**INFORMATION**:
# # #
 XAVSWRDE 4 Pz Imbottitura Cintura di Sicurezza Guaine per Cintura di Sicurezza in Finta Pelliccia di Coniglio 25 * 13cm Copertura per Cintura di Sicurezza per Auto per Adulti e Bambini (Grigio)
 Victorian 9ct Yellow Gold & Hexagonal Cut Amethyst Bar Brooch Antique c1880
# # #
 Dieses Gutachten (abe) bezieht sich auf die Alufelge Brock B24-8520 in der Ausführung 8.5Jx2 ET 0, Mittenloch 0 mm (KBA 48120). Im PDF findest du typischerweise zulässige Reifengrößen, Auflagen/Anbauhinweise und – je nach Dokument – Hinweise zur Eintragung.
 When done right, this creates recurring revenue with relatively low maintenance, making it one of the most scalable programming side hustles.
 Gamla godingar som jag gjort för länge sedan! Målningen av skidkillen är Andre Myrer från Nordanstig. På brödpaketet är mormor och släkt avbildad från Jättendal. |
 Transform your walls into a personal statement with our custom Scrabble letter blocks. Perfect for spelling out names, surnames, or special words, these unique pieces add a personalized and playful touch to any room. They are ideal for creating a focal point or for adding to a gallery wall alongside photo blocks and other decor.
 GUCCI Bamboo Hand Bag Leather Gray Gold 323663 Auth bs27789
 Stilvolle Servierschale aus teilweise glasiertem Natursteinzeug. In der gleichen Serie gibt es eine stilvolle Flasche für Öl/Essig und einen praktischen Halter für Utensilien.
# # #
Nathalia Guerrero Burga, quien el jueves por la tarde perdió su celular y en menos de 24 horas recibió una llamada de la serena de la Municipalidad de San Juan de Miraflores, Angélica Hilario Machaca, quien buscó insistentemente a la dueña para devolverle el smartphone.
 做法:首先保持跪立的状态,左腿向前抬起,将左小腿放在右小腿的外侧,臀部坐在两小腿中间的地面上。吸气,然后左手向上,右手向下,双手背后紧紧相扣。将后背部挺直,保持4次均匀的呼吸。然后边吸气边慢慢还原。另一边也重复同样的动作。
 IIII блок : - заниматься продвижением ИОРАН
# # #
**EXERCISE REQUIREMENTS**:
There is a run of lines above from the one with "XAVSWRDE 4 Pz" to the one with "Victorian 9ct Yellow"; print exactly that run, both ends included, and nothing else.

**WRITTEN REPLY**:
 XAVSWRDE 4 Pz Imbottitura Cintura di Sicurezza Guaine per Cintura di Sicurezza in Finta Pelliccia di Coniglio 25 * 13cm Copertura per Cintura di Sicurezza per Auto per Adulti e Bambini (Grigio)
 Victorian 9ct Yellow Gold & Hexagonal Cut Amethyst Bar Brooch Antique c1880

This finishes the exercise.